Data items
******
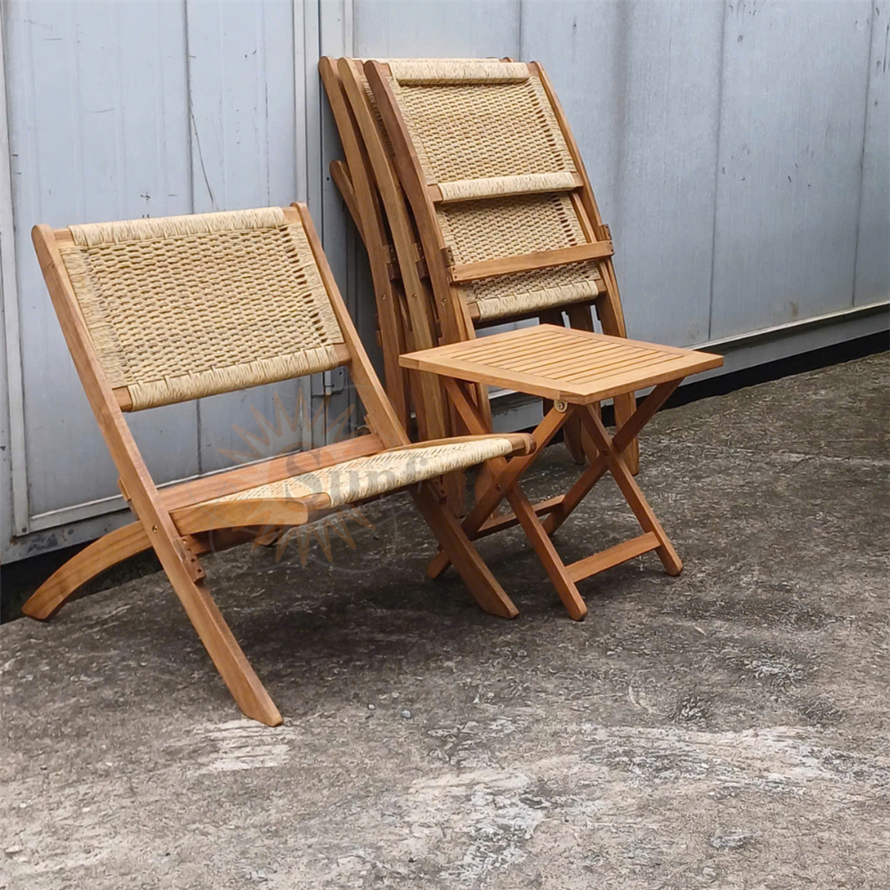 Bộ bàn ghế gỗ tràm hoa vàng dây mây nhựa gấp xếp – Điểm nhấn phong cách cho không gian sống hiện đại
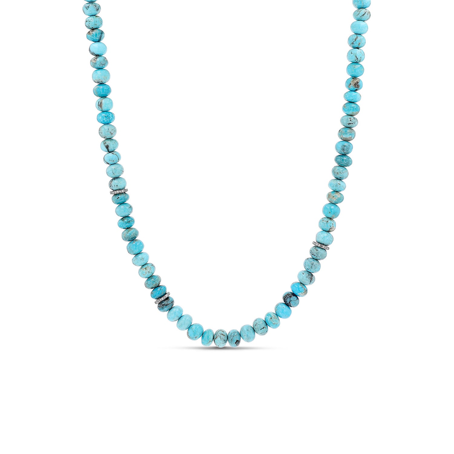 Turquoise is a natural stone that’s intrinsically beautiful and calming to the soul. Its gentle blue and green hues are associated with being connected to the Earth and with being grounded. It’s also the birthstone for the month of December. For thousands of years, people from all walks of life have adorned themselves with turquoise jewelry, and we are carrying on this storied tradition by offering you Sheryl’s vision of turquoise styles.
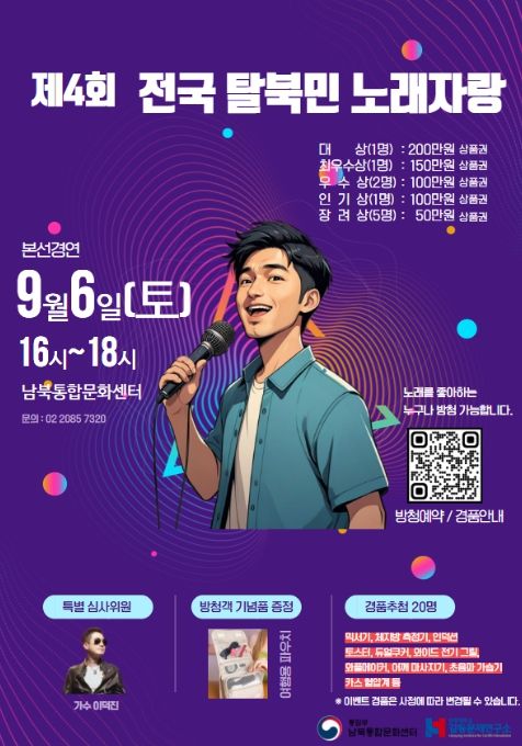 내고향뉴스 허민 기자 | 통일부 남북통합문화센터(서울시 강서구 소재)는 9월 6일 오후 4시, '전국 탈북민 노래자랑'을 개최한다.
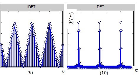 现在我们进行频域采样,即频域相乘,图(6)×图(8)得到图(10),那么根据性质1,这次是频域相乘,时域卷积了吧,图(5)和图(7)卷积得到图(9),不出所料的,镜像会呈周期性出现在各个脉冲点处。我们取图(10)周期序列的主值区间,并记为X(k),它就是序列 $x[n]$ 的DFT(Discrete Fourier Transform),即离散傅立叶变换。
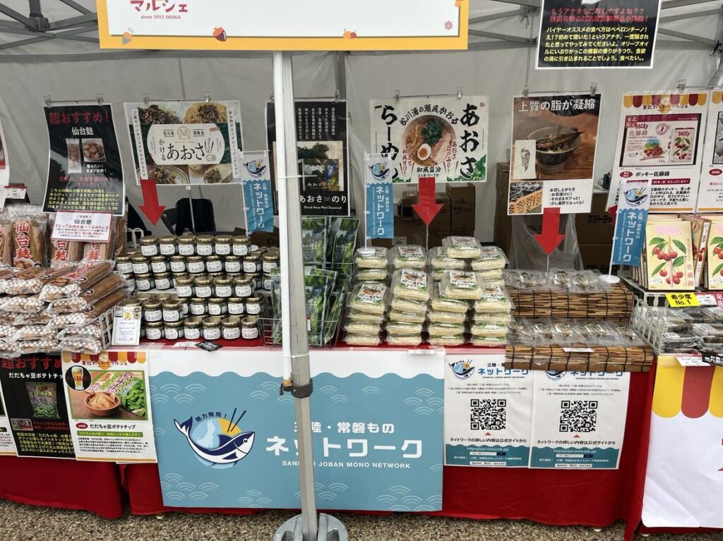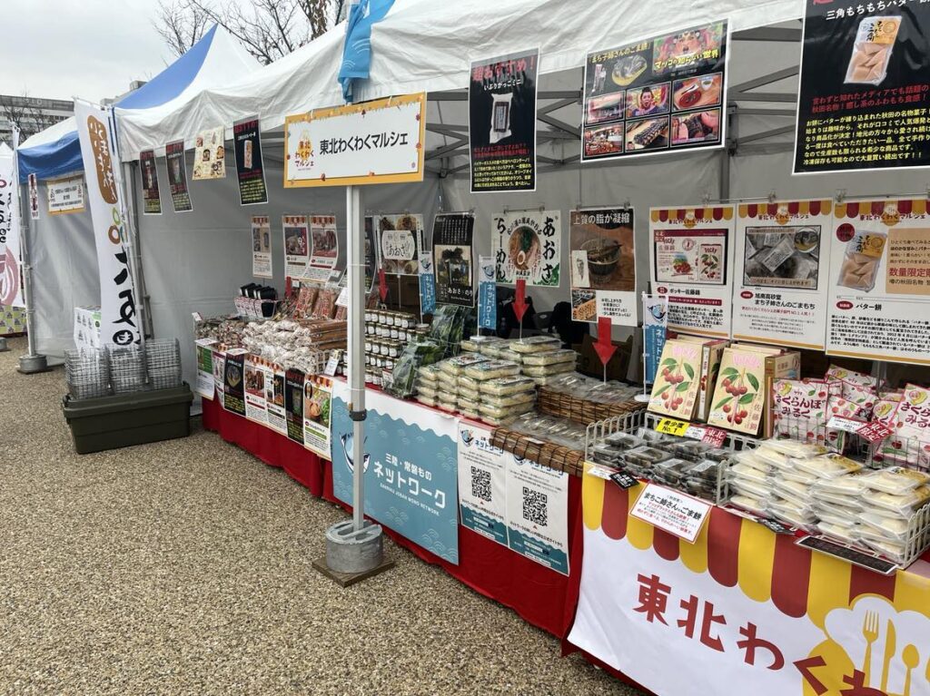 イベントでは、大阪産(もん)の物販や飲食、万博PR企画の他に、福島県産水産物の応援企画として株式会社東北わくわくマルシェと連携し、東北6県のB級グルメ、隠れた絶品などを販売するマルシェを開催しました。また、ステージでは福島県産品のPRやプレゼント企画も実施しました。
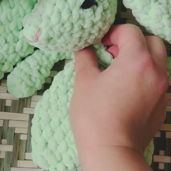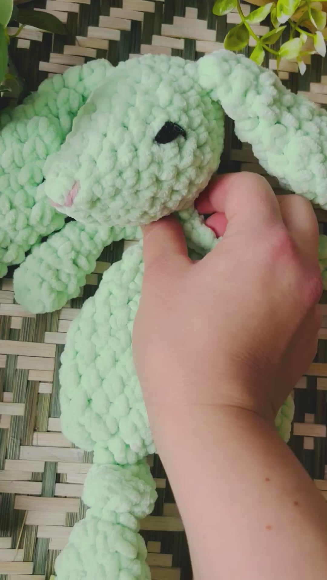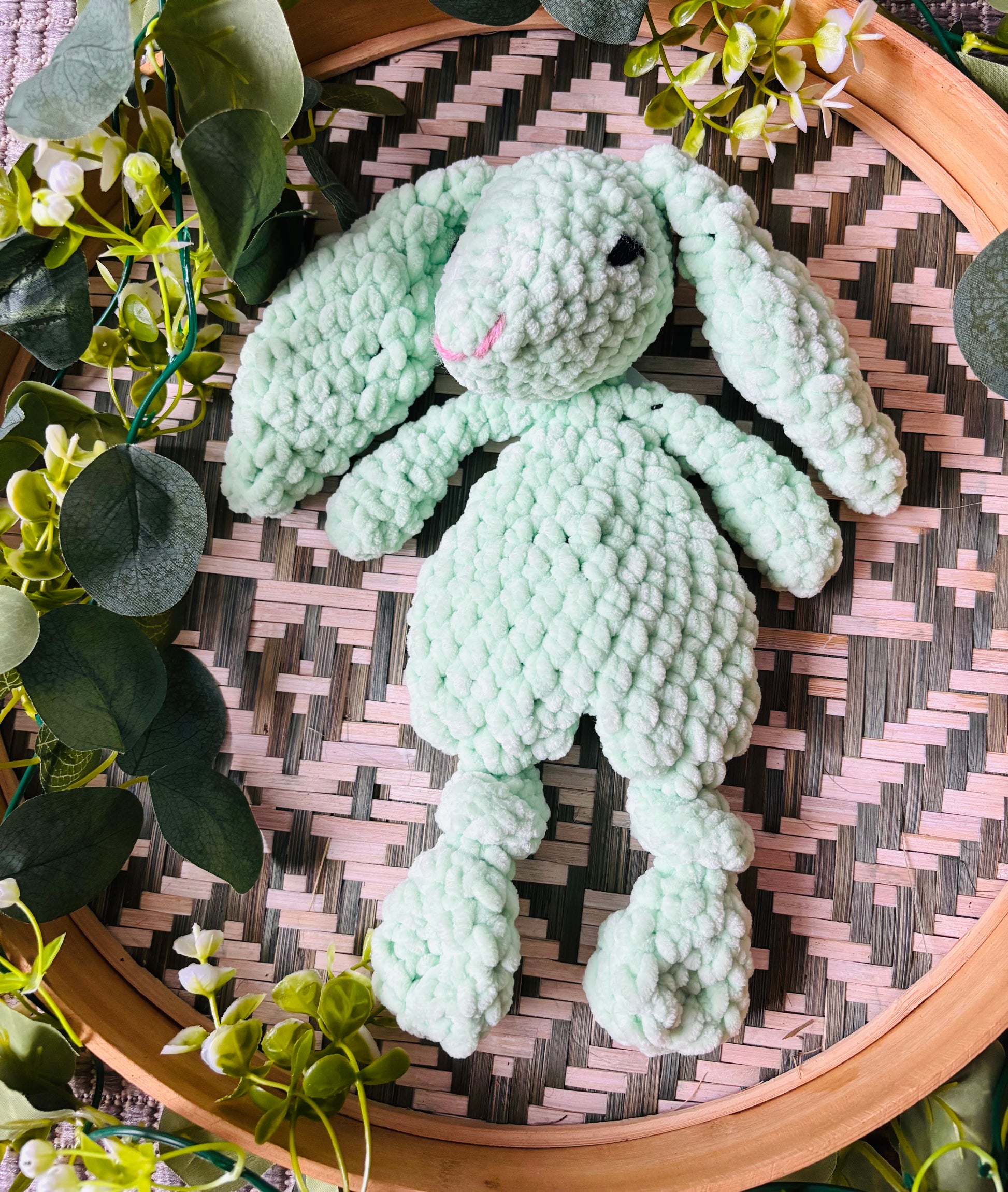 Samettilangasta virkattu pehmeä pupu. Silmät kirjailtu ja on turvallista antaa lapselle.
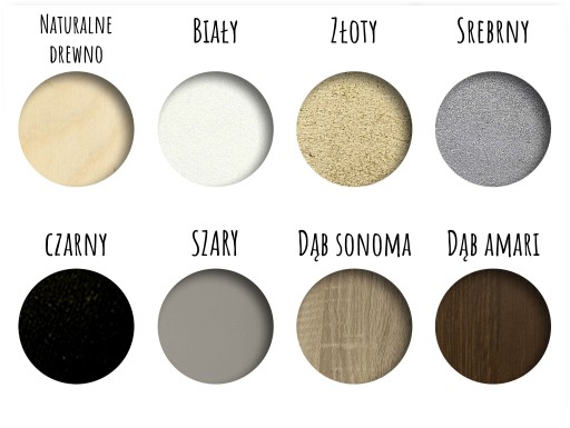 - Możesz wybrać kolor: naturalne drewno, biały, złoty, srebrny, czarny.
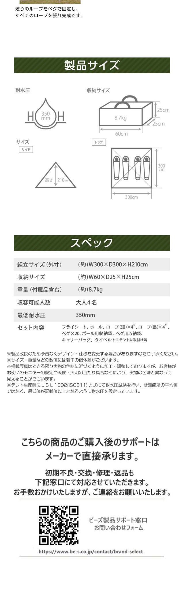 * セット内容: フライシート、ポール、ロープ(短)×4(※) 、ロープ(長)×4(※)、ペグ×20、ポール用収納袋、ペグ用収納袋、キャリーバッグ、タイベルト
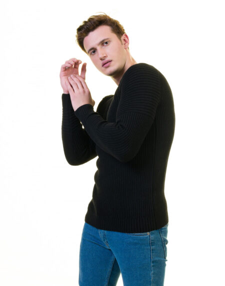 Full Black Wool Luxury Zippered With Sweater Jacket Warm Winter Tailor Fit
******
WORK REQUIRED: Copy exactly the lines that run from the one containing "Turquoise is a" to the last line of the records, both included, and leave out every picture.

TASK RESPONSE:
 Turquoise is a natural stone that’s intrinsically beautiful and calming to the soul. Its gentle blue and green hues are associated with being connected to the Earth and with being grounded. It’s also the birthstone for the month of December. For thousands of years, people from all walks of life have adorned themselves with turquoise jewelry, and we are carrying on this storied tradition by offering you Sheryl’s vision of turquoise styles.
 내고향뉴스 허민 기자 | 통일부 남북통합문화센터(서울시 강서구 소재)는 9월 6일 오후 4시, '전국 탈북민 노래자랑'을 개최한다.
 现在我们进行频域采样,即频域相乘,图(6)×图(8)得到图(10),那么根据性质1,这次是频域相乘,时域卷积了吧,图(5)和图(7)卷积得到图(9),不出所料的,镜像会呈周期性出现在各个脉冲点处。我们取图(10)周期序列的主值区间,并记为X(k),它就是序列 $x[n]$ 的DFT(Discrete Fourier Transform),即离散傅立叶变换。
 イベントでは、大阪産(もん)の物販や飲食、万博PR企画の他に、福島県産水産物の応援企画として株式会社東北わくわくマルシェと連携し、東北6県のB級グルメ、隠れた絶品などを販売するマルシェを開催しました。また、ステージでは福島県産品のPRやプレゼント企画も実施しました。
 Samettilangasta virkattu pehmeä pupu. Silmät kirjailtu ja on turvallista antaa lapselle.
 - Możesz wybrać kolor: naturalne drewno, biały, złoty, srebrny, czarny.
 * セット内容: フライシート、ポール、ロープ(短)×4(※) 、ロープ(長)×4(※)、ペグ×20、ポール用収納袋、ペグ用収納袋、キャリーバッグ、タイベルト
 Full Black Wool Luxury Zippered With Sweater Jacket Warm Winter Tailor Fit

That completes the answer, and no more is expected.